Methods: A health-system, consisting of primarily large general community hospitals across 20 U.S. states, evaluated 156 of their hospitals and hospital-based EDs. These hospitals and hospital-based EDs were divided into regions based on geographic area for assessment. Inpatient and ED susceptibilities were then compared and classified based on susceptibility differences (Minimal 0-4, Moderate 5-10, Considerable > 10). One year of susceptibility data for E. coli, P. aeruginosa and S. pneumoniae was evaluated for antibiotic sensitivity.

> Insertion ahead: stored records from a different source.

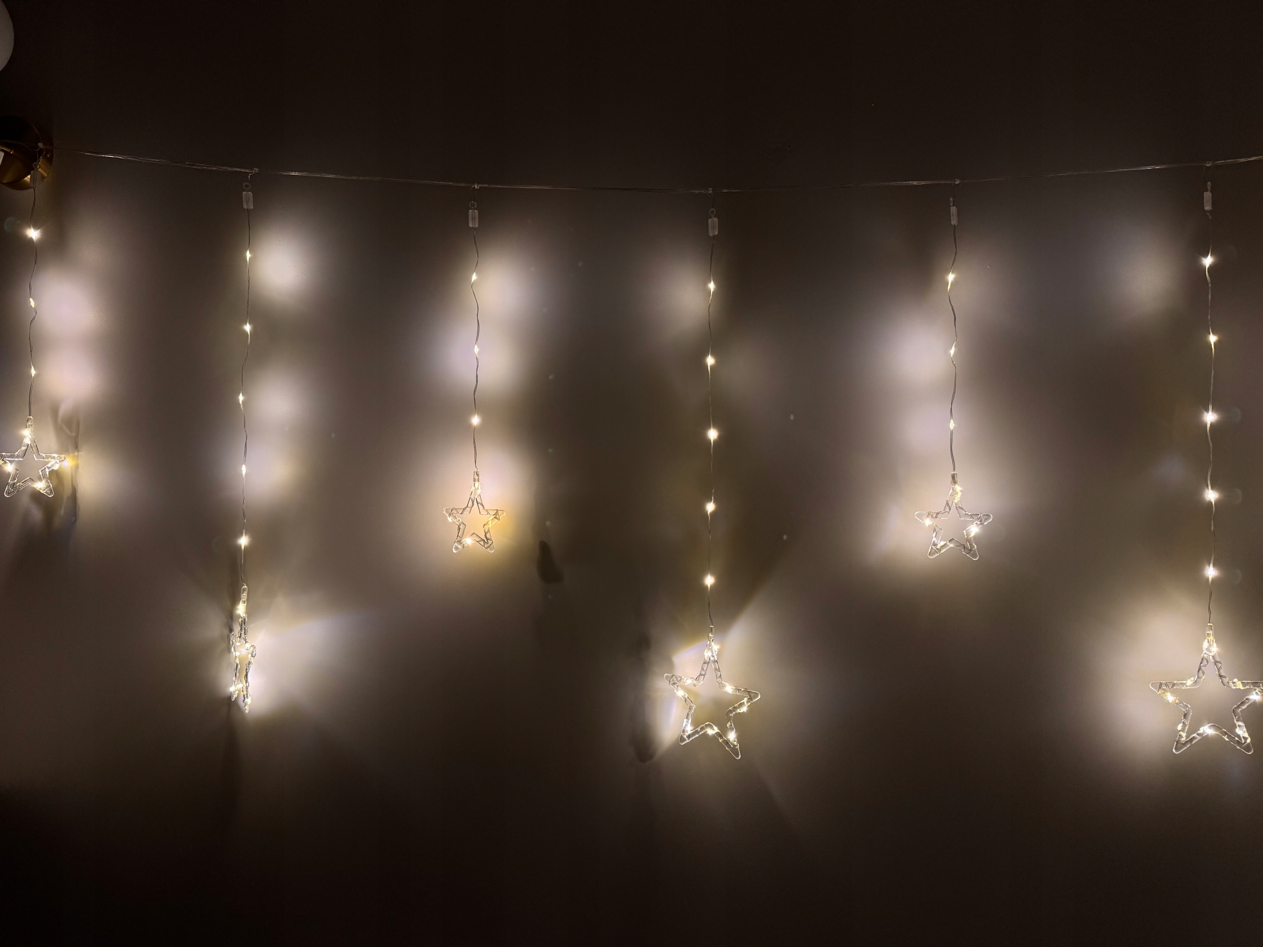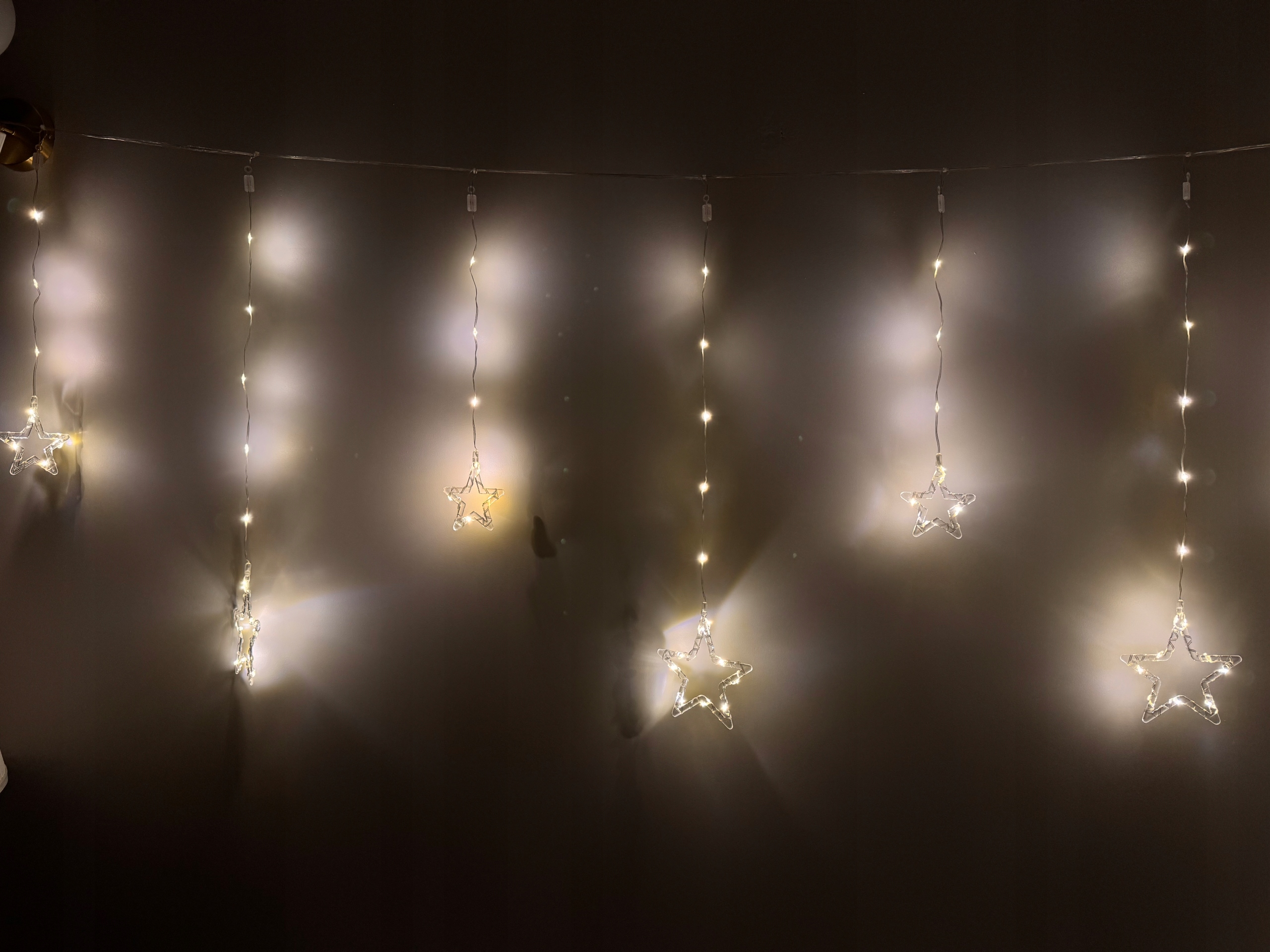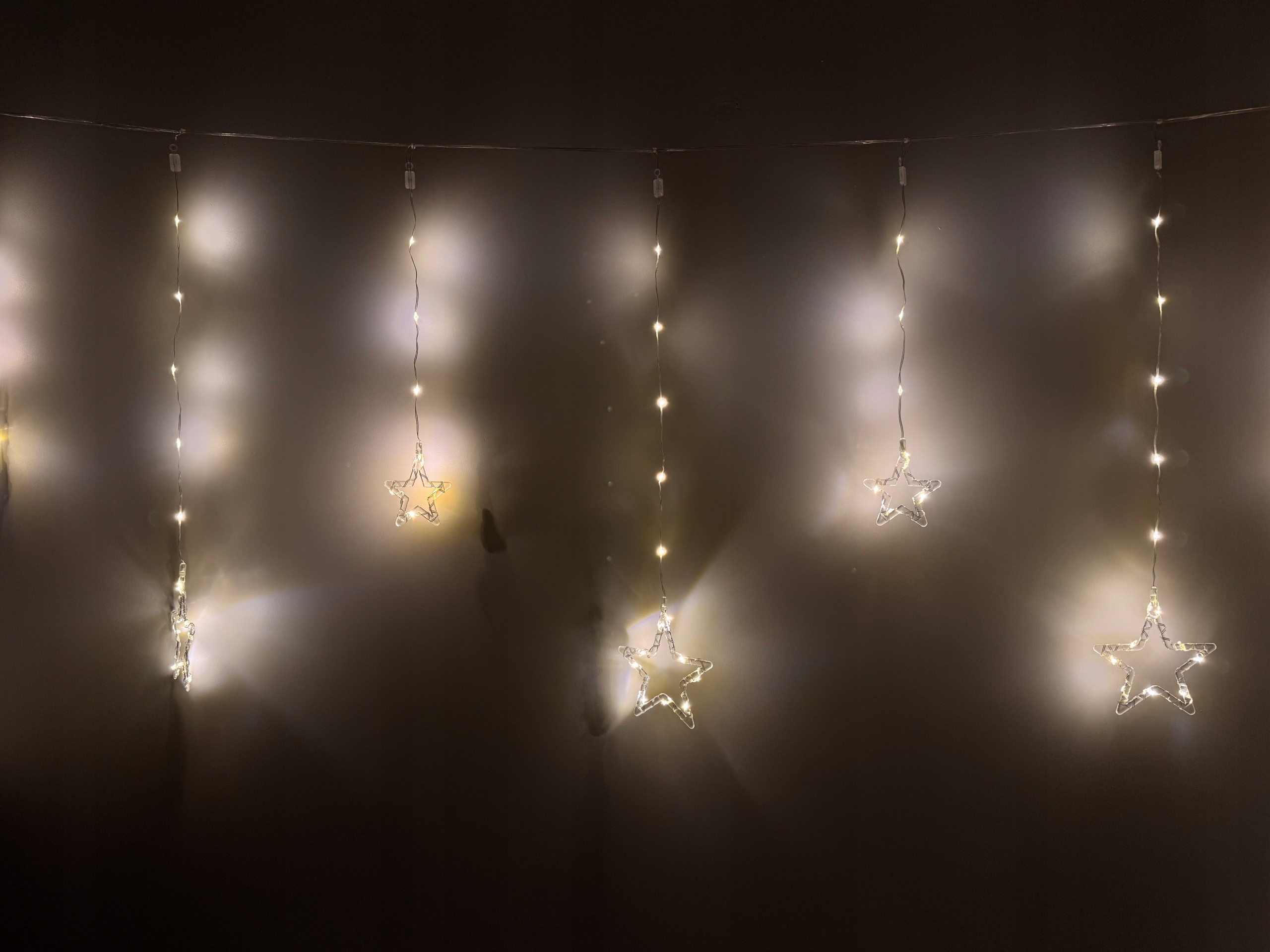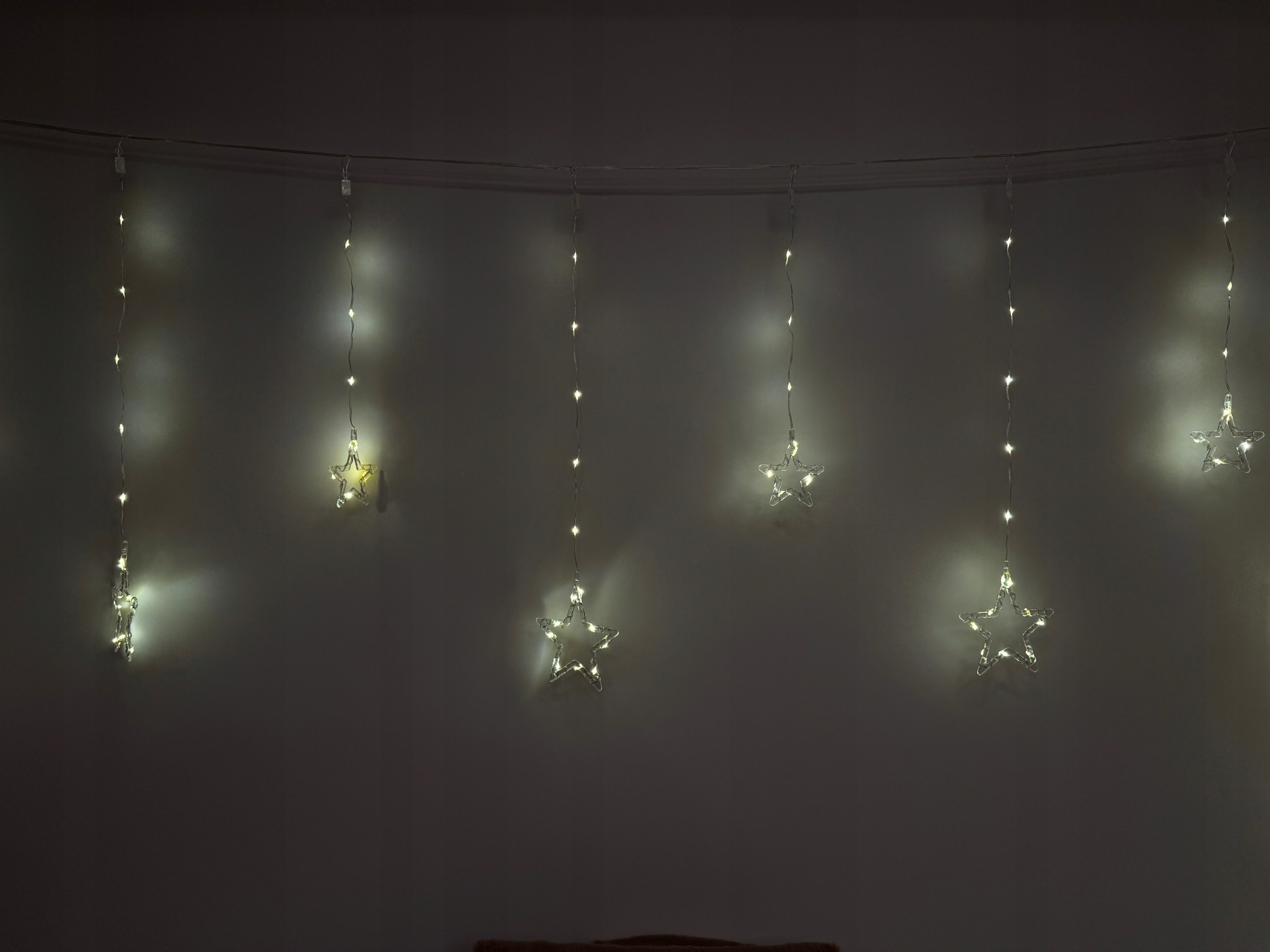 Kurtyna LED posiada dekoracyjne zawieszki w kształcie gwiazdek. Dzięki temu instalacja tworzy klasyczny motyw świąteczny. Jednocześnie różne rozmiary gwiazdek nadają dekoracji efekt warstwowy.
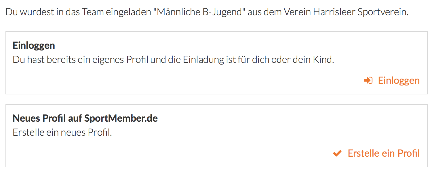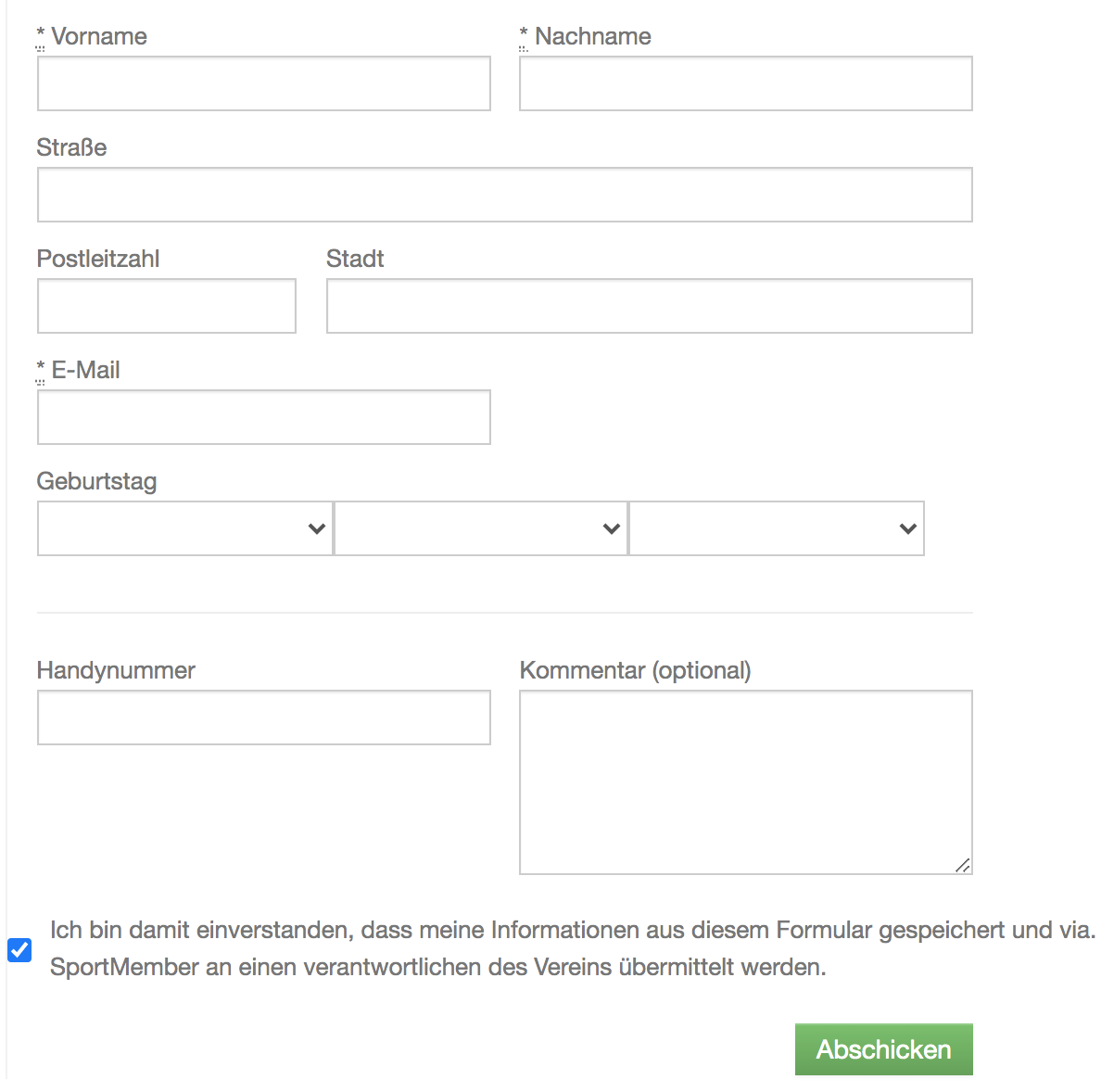 Wenn der Verein eine Website über SportMember hat, kannst du dich womöglich über ein Anmeldeformular für das spezifische Team registrieren.
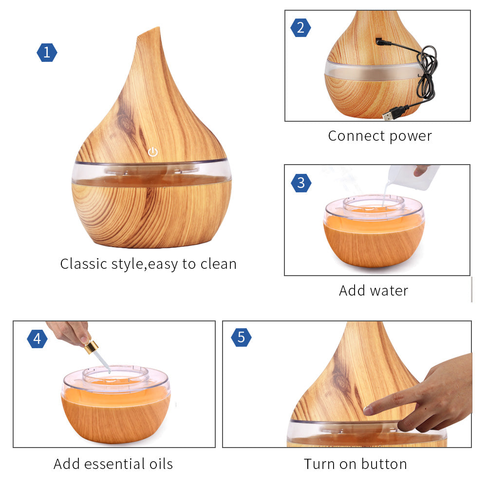 Searide-Humidificateur d'air USB Diffuseur d'arômes d'huile essentielle Aromatherapy en bois pour la maison
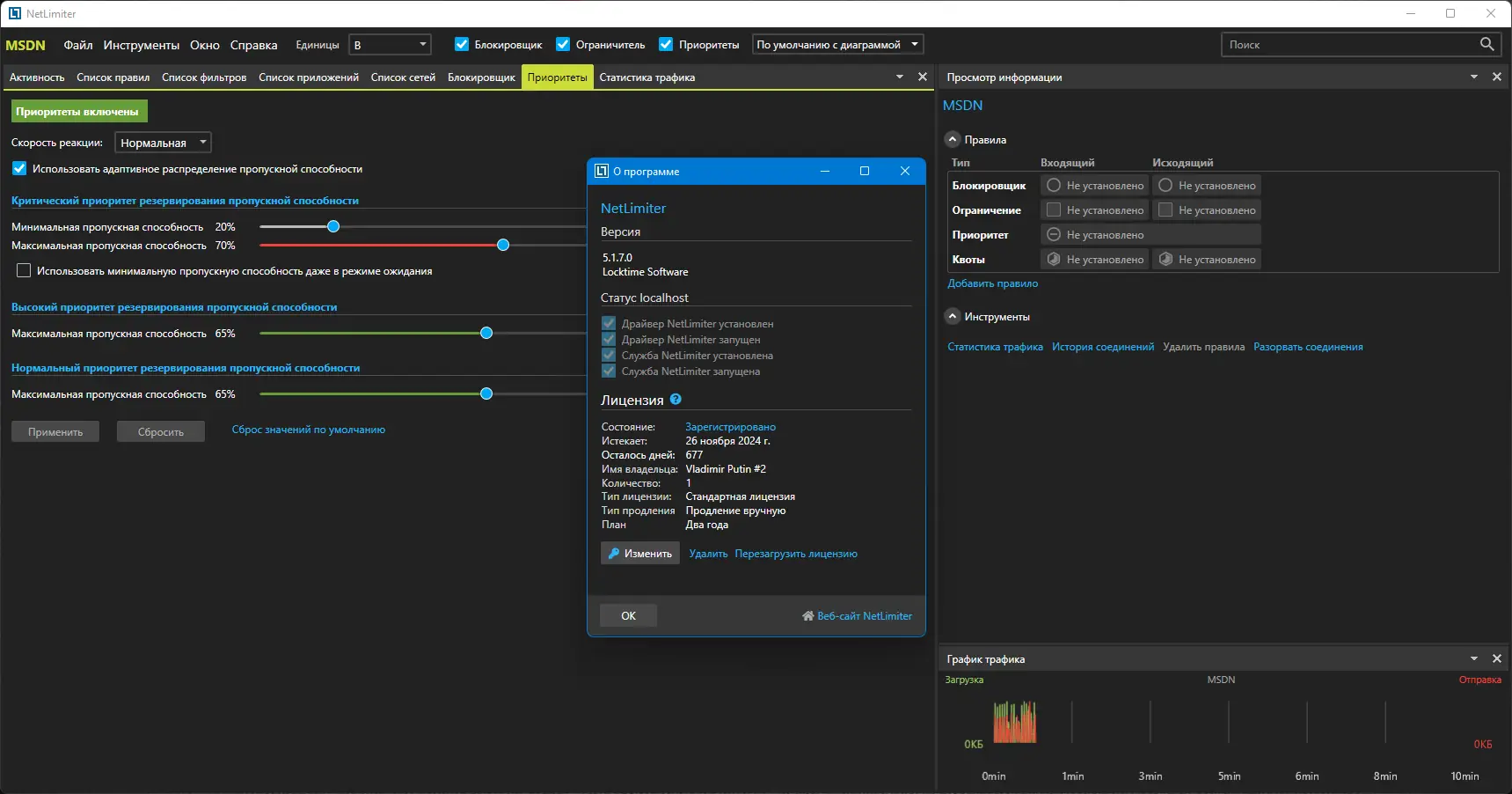 NetLimiter — это мощное программное обеспечение, предназначенное для управления сетевыми соединениями и распределения пропускной способности между приложениями. Каждое приложение, использующее интернет, отображается в реальном времени с указанием текущей скорости загрузки и выгрузки данных. Пользователь может вручную задать лимиты на трафик, заблокировать доступ в сеть или назначить приоритет для критически важных задач, таких как видеоконференции или онлайн-игры.

Results: A total of 171,556 non-duplicative isolates were evaluated including 139,562 E. coli urine isolates (Inpatient 41,612, ED 97,950), 28,685 P. aeruginosa (Inpatient 19,983, ED 8,702) and 3,309 S. pneumoniae (Inpatient 1,565, ED 1,474). The ED was expected to have less resistance than inpatients as ED patients primarily come from a community setting. For E. coli urinary isolates, minimal differences were found for sulfamethoxazole/trimethoprim, and moderate differences were seen in cefazolin and ceftriaxone for the California/Nevada and Texas San Antonio regions. Moderate or considerable differences were seen in nearly all regions for ciprofloxacin. Considerable differences in S. pneuomoniae susceptibilities were seen between the inpatient and ED for azithromycin and penicillin G, while one region also had a considerable difference for levofloxacin. P. aeruginosa had one region with a considerable difference, with the Colorado + Central Kansas regions showing less resistance inpatient than the ED.
Conclusion: Differences in inpatient versus ED bacterial sensitives warrant justification for specific regions to monitor and develop inpatient and ED-specific antibiograms.